CONCLUSION AND FUTURE WORK
In this paper we have presented the DPN concepts and ontology formulation for describing data owners, datasets and data services. We have also presented the DBL which provides a general purpose API for querying, filtering and facilitating access to sets of DPNs and their data holdings via harvesting their metadata and linking them to definitional datasets such as domain vocabularies. We have presented an instance of the DBL as a key middleware component in the eReefs IP. It provides the means for registering metadata about a data provider, its set of data services as a DPN and the datasets via a simple RDF description using the DPN ontology. We discussed how the various components, such as the water quality vocabularies, the Observable Properties ontology and the eReefs conventions for data annotation, are leveraged by the DBL to enhance discovery of datasets. We also provided example uses of the DBL in prototype client application called the eReefs Viz Portal.

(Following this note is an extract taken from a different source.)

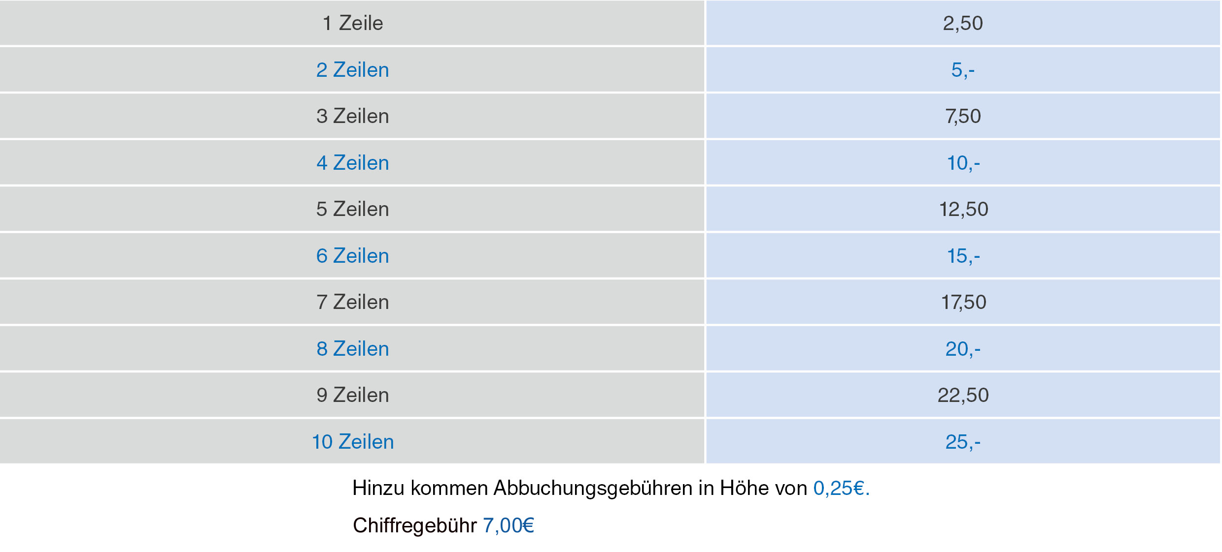 Preise in Euro (inkl. MwSt.) pro Woche für die Anzahl der angekreuzten Ausgaben:

This paper has identified gaps in the existing dataset and service ontologies and has presented an ontology developed to capture a DPN concept and the idea of a conceptual dataset and related services. The DPN-O description allows semantic representation of organizations, groups, DPN, datasets, service types, service implementations and their web endpoints using semantic web technologies. The data delivered via DPNs can be annotated with links to domain concepts, for example, water quality observable properties like chlorophyll-a concentration. DPN-O is an improvement on existing ontologies by proposing simple constructs for the use cases outlined in this paper. DPN-O descriptions are lightweight and extensible, easily allowing any number of existing and new service types to be linked to DPN's datasets. Since semantic web technologies adopt the open-world assumption, descriptions can be simple or highly detailed in line with DPN owners’ wishes and expectations of metadata utility.

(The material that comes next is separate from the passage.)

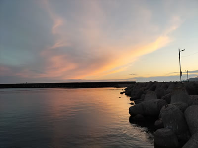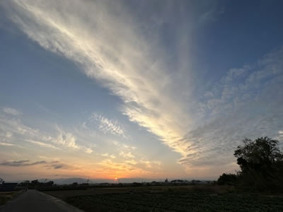 写真は、10月中旬に撮影した山形県米沢市の朝の風景です。秋晴れの天気が良くなる日には、盆地や川には濃い霧がでることもあります。この濃霧を高山からみると雲海になります。この朝霧は太陽が昇るとともに消え、一日中安定した好天になります。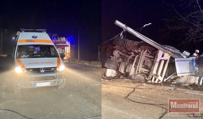 Accidentul cumplit a avut loc la 4 dimineața într-o curbă în zona localității Mesteacăn. Un camion încărcat cu cereale s-a răsturnat în curbă din cauza balansului încărcăturii. Mastodontul a lovit un cap de pod, apoi un stâlp de electricitate, după care s-a răsturnat pe o parte. Șoferul, un tânăr de 30 de ani, a fost prins în cabina strivită sub încărcătura camionului.

Further work is required to develop tools to automate the process of creating DPN-O instances as well as binding vocabulary definitions to the respective data services. Also, future work will be undertaken to develop additional client applications to meet other eReefs use cases including mobile applications and generating reports as well as conformance checking of data assets registered in eReefs through the DBL.
ACKNOWLEDGEMENTS
This research was funded through the eReefs research project by CSIRO, the Science and Industry Endowment Fund (SIEF) and the Great Barrier Reef Foundation (GBRF).